• **THE DATA**:
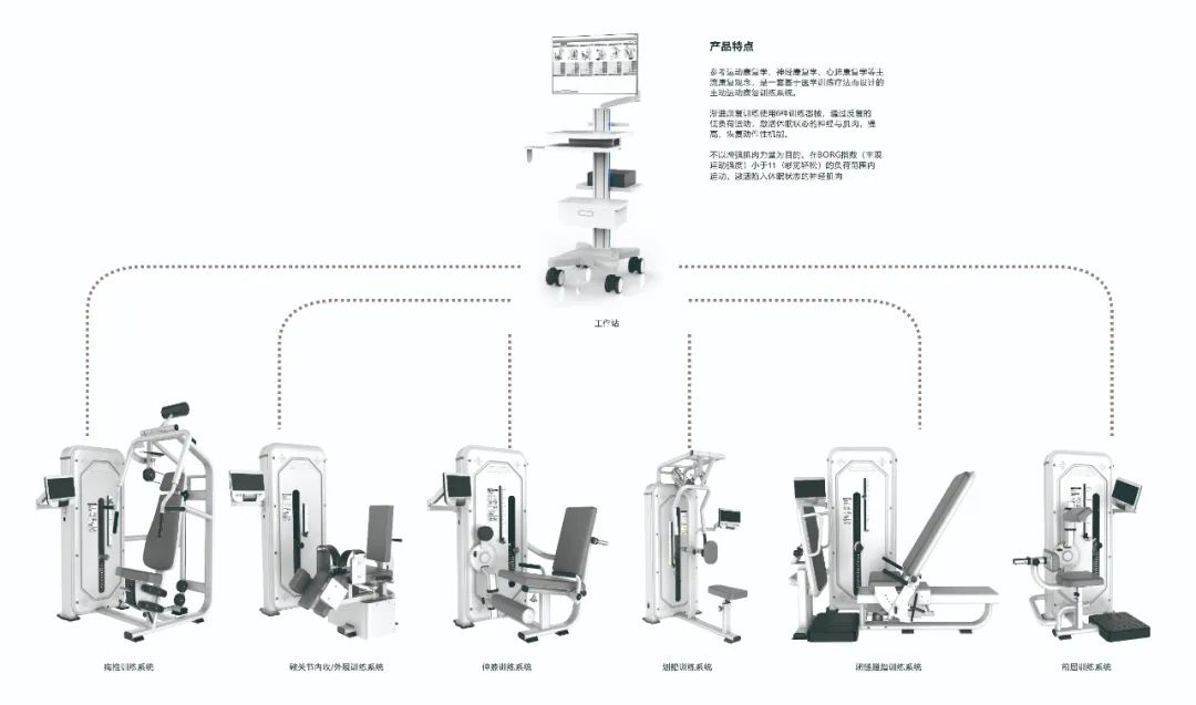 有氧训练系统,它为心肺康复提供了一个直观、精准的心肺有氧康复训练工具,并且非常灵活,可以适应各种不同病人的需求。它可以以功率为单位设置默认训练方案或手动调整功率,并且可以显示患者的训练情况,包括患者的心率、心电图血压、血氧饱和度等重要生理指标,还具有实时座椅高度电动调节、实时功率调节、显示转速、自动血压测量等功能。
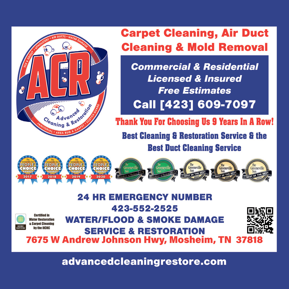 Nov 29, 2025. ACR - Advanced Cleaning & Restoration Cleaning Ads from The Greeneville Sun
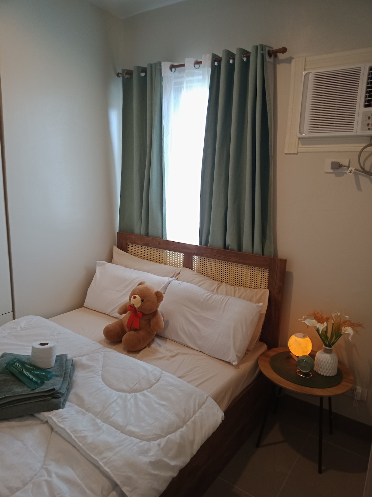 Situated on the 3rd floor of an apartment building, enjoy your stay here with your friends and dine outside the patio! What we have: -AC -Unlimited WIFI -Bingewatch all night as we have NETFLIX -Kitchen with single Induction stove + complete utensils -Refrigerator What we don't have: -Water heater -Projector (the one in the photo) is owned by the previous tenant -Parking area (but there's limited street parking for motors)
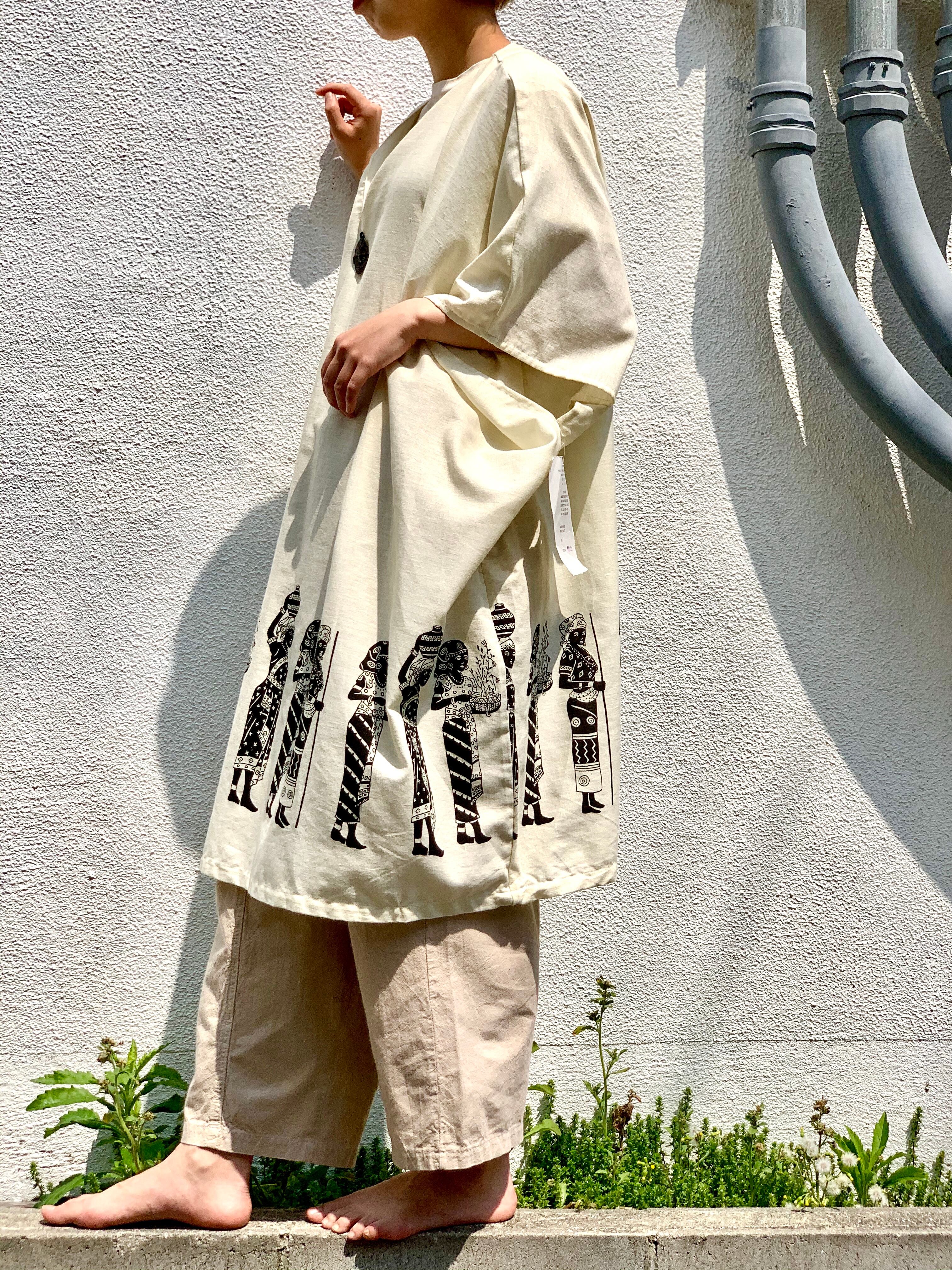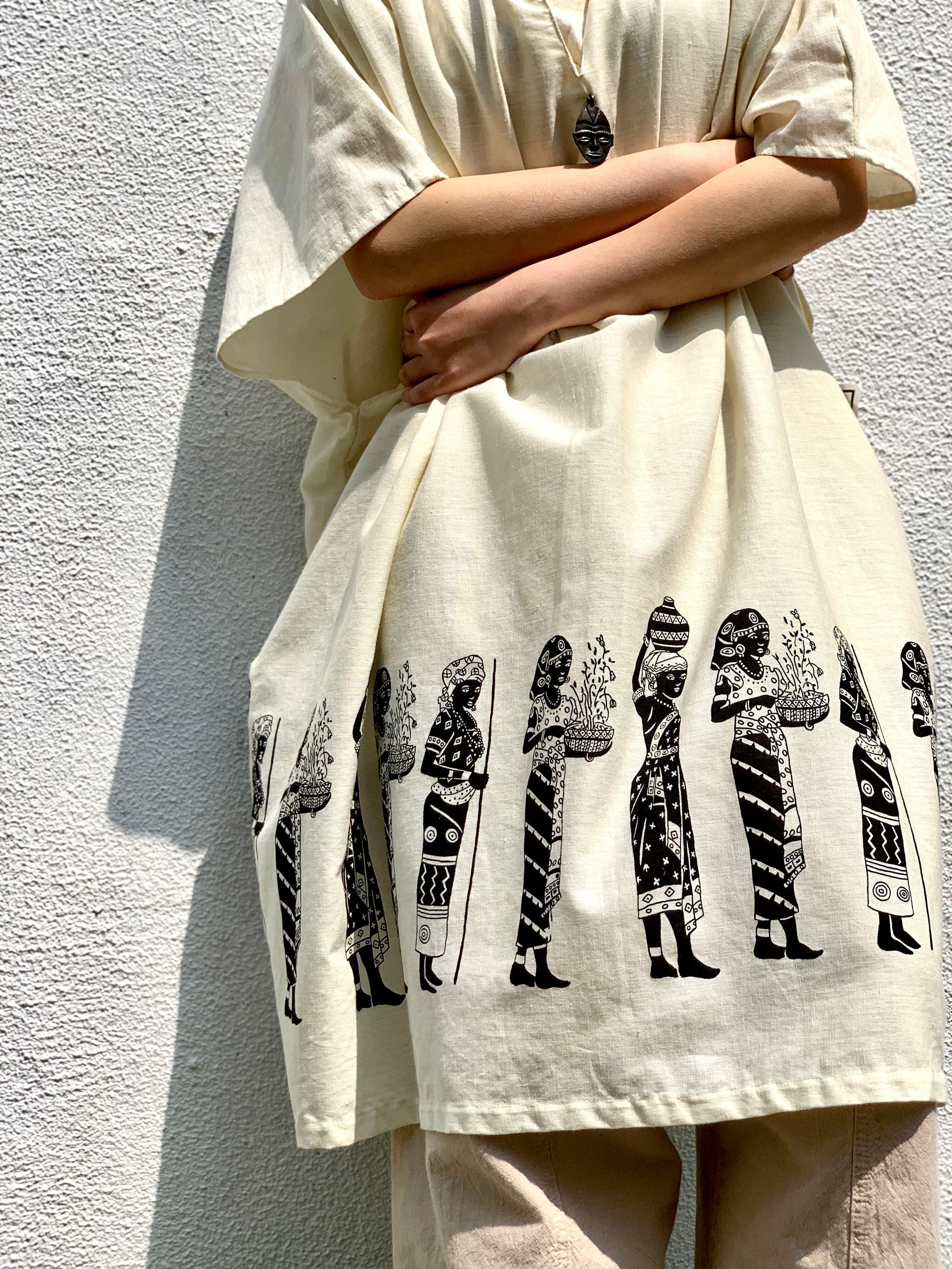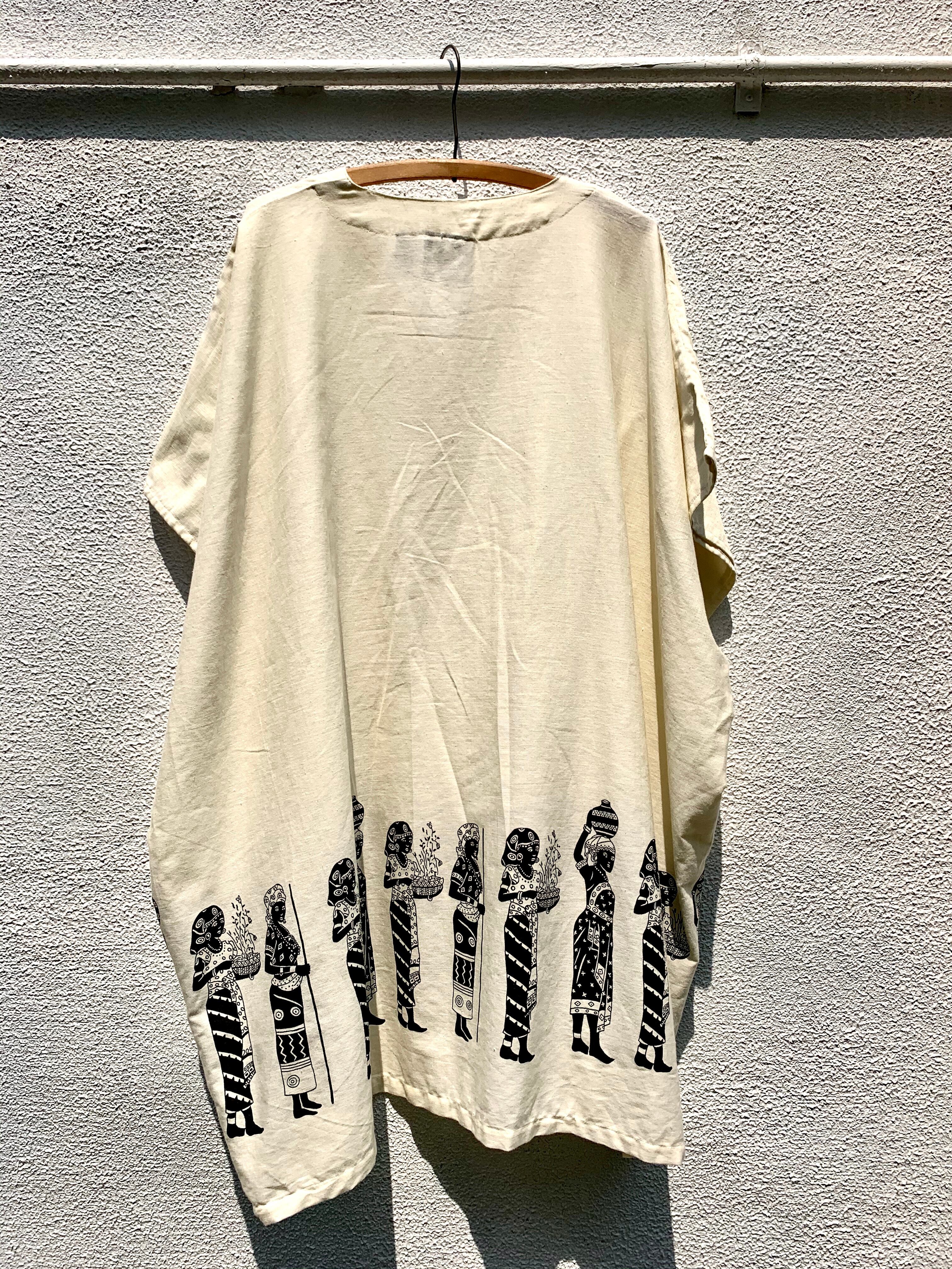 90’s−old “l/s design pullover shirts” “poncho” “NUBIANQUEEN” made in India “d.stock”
* * *
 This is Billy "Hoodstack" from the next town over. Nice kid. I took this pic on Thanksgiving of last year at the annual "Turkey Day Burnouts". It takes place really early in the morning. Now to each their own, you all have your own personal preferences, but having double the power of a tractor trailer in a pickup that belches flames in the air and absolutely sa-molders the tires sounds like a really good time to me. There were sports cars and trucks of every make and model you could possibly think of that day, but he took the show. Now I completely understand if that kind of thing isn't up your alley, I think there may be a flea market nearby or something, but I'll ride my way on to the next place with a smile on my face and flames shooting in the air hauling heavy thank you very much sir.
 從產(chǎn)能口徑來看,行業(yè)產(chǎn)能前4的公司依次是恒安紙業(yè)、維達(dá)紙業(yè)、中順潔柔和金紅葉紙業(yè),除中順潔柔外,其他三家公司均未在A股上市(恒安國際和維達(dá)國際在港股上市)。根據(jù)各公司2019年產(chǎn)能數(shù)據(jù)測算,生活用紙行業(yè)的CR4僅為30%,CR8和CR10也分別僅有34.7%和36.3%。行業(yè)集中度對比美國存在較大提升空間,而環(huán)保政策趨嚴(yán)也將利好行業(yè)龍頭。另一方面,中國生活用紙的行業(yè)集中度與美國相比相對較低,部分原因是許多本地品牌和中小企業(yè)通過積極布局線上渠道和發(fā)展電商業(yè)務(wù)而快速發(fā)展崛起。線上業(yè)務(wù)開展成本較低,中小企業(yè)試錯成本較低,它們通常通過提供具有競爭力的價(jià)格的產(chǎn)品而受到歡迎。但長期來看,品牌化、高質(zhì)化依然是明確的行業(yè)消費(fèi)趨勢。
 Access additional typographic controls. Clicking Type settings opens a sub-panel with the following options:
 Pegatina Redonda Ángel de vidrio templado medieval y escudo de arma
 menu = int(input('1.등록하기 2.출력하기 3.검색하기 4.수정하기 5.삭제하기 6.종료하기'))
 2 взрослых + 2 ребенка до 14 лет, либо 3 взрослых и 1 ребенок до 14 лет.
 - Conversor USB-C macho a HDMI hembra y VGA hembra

• **EXERCISE OBJECTIVE**: Above are entries with pictures among them. Write out exactly the lines from the one containing "有氧训练系统,它为心肺康复提" through the one containing "made in India", ends included, and leave those pictures out.

• **YOUR SOLUTION**:
 有氧训练系统,它为心肺康复提供了一个直观、精准的心肺有氧康复训练工具,并且非常灵活,可以适应各种不同病人的需求。它可以以功率为单位设置默认训练方案或手动调整功率,并且可以显示患者的训练情况,包括患者的心率、心电图血压、血氧饱和度等重要生理指标,还具有实时座椅高度电动调节、实时功率调节、显示转速、自动血压测量等功能。
 Nov 29, 2025. ACR - Advanced Cleaning & Restoration Cleaning Ads from The Greeneville Sun
 Situated on the 3rd floor of an apartment building, enjoy your stay here with your friends and dine outside the patio! What we have: -AC -Unlimited WIFI -Bingewatch all night as we have NETFLIX -Kitchen with single Induction stove + complete utensils -Refrigerator What we don't have: -Water heater -Projector (the one in the photo) is owned by the previous tenant -Parking area (but there's limited street parking for motors)
 90’s−old “l/s design pullover shirts” “poncho” “NUBIANQUEEN” made in India “d.stock”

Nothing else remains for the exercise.